Cattle bound for live export at an yard south of Darwin after the Indonesian government issued another 50,000 permits for live cattle out of Northern Australia last year.
Ms Andrae said the Indonesian-Australian Comprehensive Economic Partnership agreement – the FTA's full title – would help beef exporters who are struggling at present.
In her first visit to Indonesia, Ms Andrae has been touring the feedlots and markets, and meeting with local producers to understand the complexities of a trade that is vital to both countries.
The system put in place after the infamous – and diplomatically disastrous – suspension of the live cattle trade by the Gillard government in 2011 now means there are about 100 abattoirs that have been certified to slaughter Australian cattle.
Even in 2018, Ms Andrae said, the importance of the live cattle trade to Indonesia is still stressed by authorities.
"It's a key message from every Indonesian government official we've met. And for northern Australia, it's a vital trade too."

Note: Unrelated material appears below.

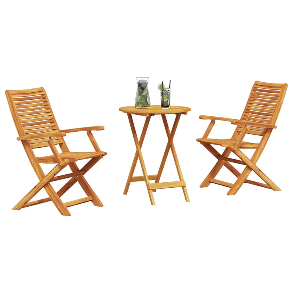 - Massief acaciahout: Deze rustieke opvouwbare bistroset is gemaakt van massief acaciahout en heeft een organische uitstraling. Het is super duurzaam, perfect voor buitengebruik en kan goed tegen dagelijks gebruik en slecht weer. De geoliede afwerking maakt het niet alleen mooier, maar helpt ook het hout te beschermen tegen vocht.

"They [Indonesia] will never be completely self-sufficient [for beef]…they are quite open about that, they just don’t have the land mass."
"But they really want to build their own herd here, and Australia has those technical skills too."
But it's the combination of drought – which has reduced the number of cattle being farmed – currency fluctuations and cheaper Indian meat that most concern her.
Frozen Indian buffalo meat costs about $8 per kilo.
Fresh beef sourced from Australian live exports costs about $11 per kilo, while frozen Australian beef is about the same price, but prices can rise much higher for premium wagyu.
"The thing I've heard from every producer is that the price of Australia cattle is just too high for them. So we have been explaining about the drought, and [how that has effected] supply".
In addition, the Indonesian government caps the prices that feedlots, abattoirs and retailers can charge for beef.
Some local producers in Indonesia can't understand why Canberra won't do the same, to help beef exporters remain competitive.
Ms Andrae has had to explain to locals that the Australian government doesn't interfere with or set beef prices.